Мария Спасская - Роковой оберег Марины Цветаевой
— Жень, — смущенно проговорил он, проходя к моему столу и устраиваясь в рабочем кресле. — Я понимаю, как тебе тяжело, и хочу, чтобы ты знала, что я с тобой.
Он взял со стола нож, которым я точила карандаши, и, не глядя, за разговором, положил его лезвием на ладонь.
— Мы семья, что бы ни случилось, — продолжал он. — Марьяна для меня была больше, чем жена. Твоя мама удивительная, неземная женщина, и мне ее будет очень не хватать.
Голос его дрогнул, и я увидела, как отчим сжал ладонь, и длинное острое лезвие скрылось у него в кулаке. Он крепче и крепче сжимал кулак и отстраненно смотрел, как у пальцев выступила кровь, и, собираясь в капли, стала падать на белый лист бумаги, орошая кровью план будущей статьи про драку между узбеками.
— Пусть все остается, как было до смерти Марьяны, — с болью в голосе молвил он. — Не уходи, живи с нами. Я очень ее любил. Очень.

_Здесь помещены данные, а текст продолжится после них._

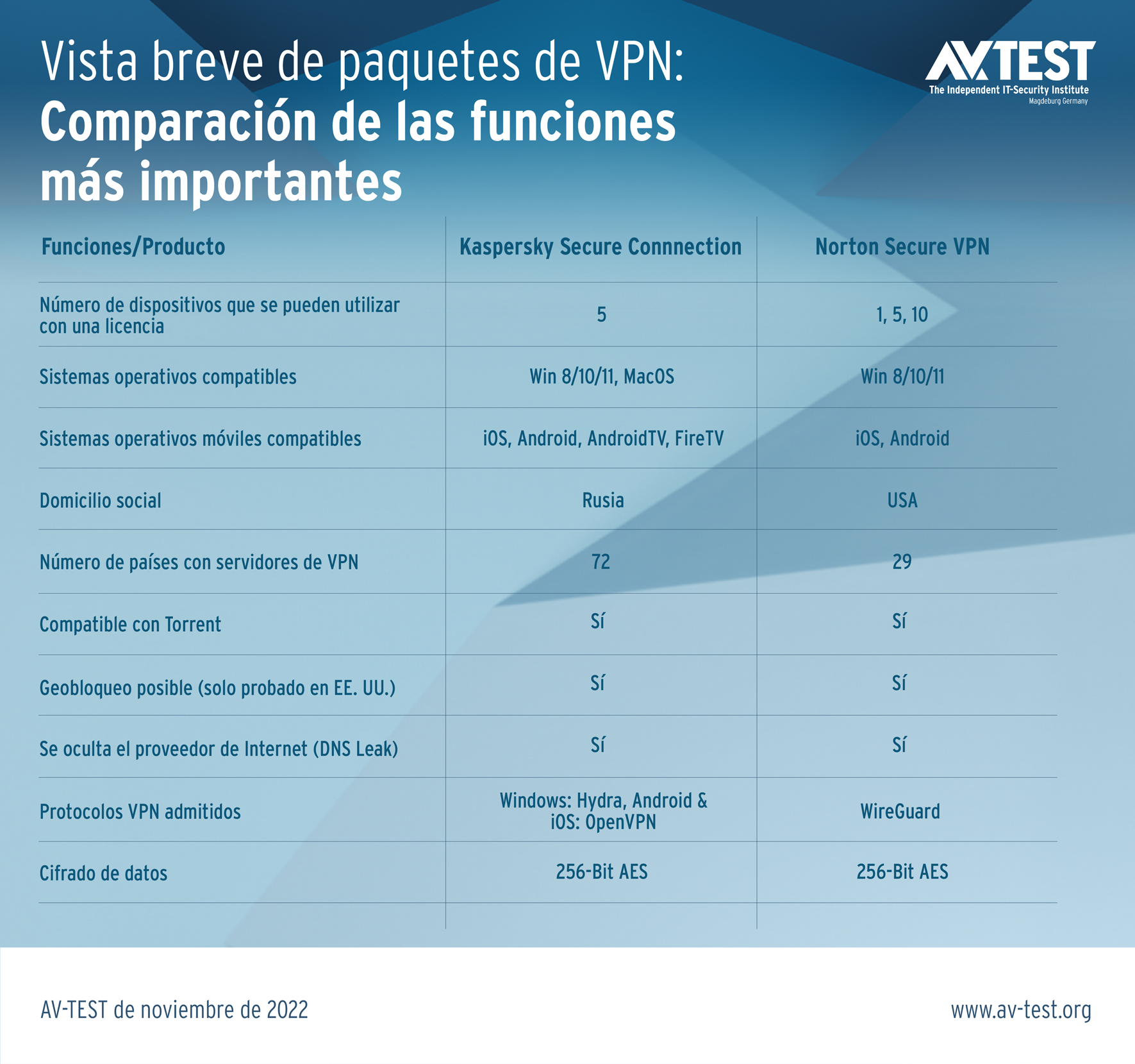 La buena noticia es que los paquetes de VPN de Kaspersky y Norton ofrecen un buen rendimiento en todos los ámbitos, son transparentes y protegen la esfera privada de los usuarios. Por ello, ambos reciben la distinción “Approved Virtual Private Network Solution”.
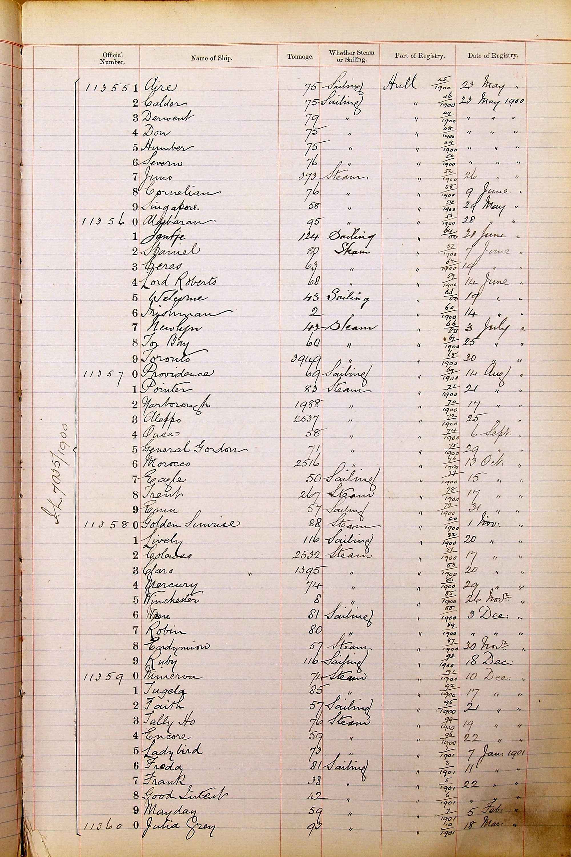 The ship names recorded are those that the ships carried at the time that their official numbers were allocated - changes are sometimes noted, but the best source for changes of name are the shipping registers for the port, or alternatively the Mercantile Navy List.
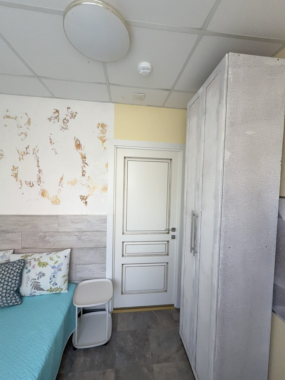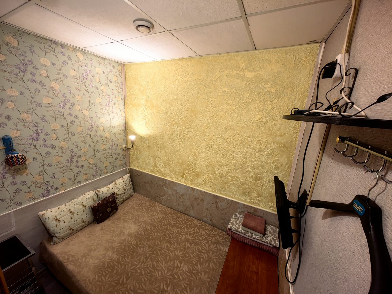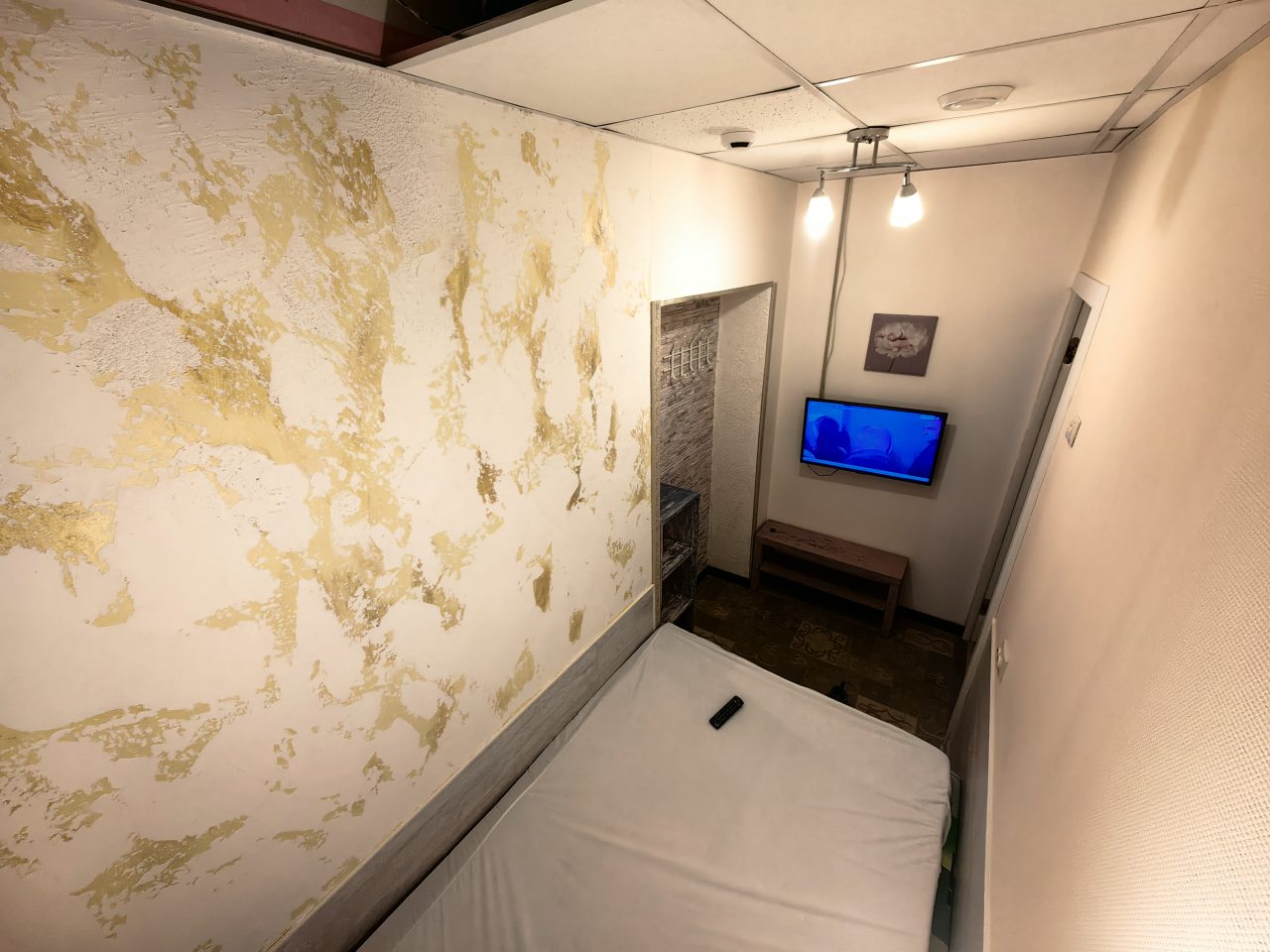 Отель прям очень бюджетный. Это заметно не только по цене, но и по оснащению номера. Мы размещались в комнате на двоих без окна. Здесь у нас по сути была своя кровать, небольшой столик, шкаф и собственно говоря все. Санузел на этаже общий. В нем конечно тоже необходимо делать ремонт, но в целом за те деньги, которые здесь берут, неплохо.
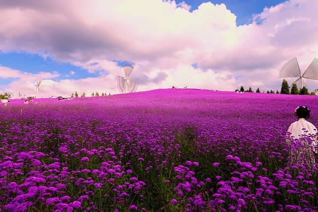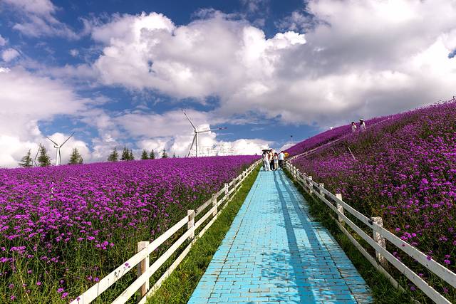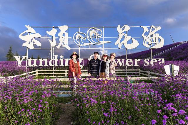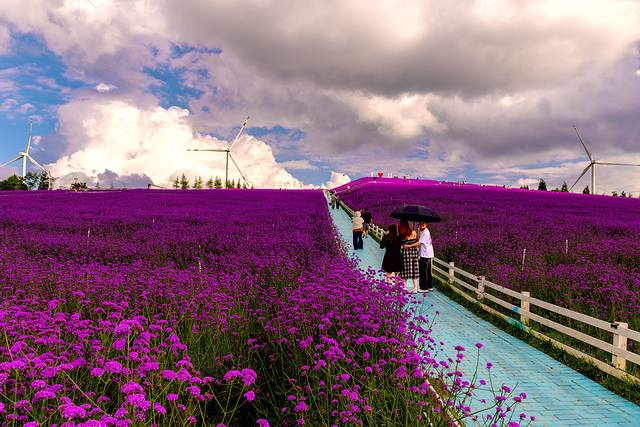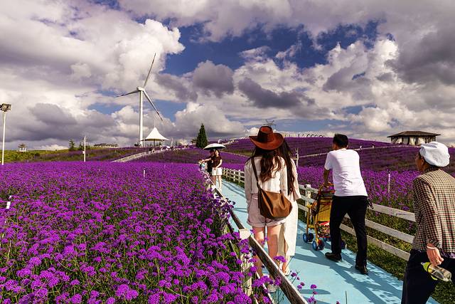 踏入云顶花海,一眼望去:花海绚烂绽放,连片的马鞭草如紫色丝毯绵延至天际,让人仿佛置身于不真实的梦幻般的画卷之中。

— Спасибо вам, Андрей Сергеевич, — с чувством откликнулась я, рассматривая профиль отчима с прямым, без переносицы, носом и выступающим вперед подбородком, разделенным надвое глубокой ямкой. Несмотря на трагические события, обрушившиеся на нас прямо с утра, полковник Шаховской нашел время побриться и выглядел подтянутым и строгим, и если бы не глаза, выдававшие его скорбь, никто бы не подумал, что с ним что то не так. Кровь залила листок и стала капать на пол, но полковник не замечал этого. Приблизившись к столу, я властно протянула руку и, забирая окровавленный нож, проговорила: — Пойдемте в ванную. Я достану зеленку и пластырь, а вы пока вымойте руку под холодной водой.
Андрей скинул с себя оцепенение и поднялся с кресла. Через минуту мы расположились перед умывальником, включили ледяную воду, и отчим, покорно протянув ладонь и усевшись на край джакузи, терпеливо сносил мои манипуляции с травмированной конечностью. Пока я промывала рану, мазала ее зеленкой и заклеивала порез пластырем, меня посетила отличная идея, которая давала мне возможность не просто лить слезы, а попытаться вернуть в дом брегет.
— Знаете, что я подумала? — бинтуя руку отчима, проговорила я. — Я могу провести журналистское расследование! Прямо сейчас поеду в галерею Высокого Искусства, встречусь с супругами Лурье и постараюсь узнать, в курсе ли они того, что случилось сегодня ночью. И сразу пойму, лукавят французы или нет. Заведу разговор о брегете, посмотрю, как они отреагируют. А заодно напишу статью об открывшейся выставке.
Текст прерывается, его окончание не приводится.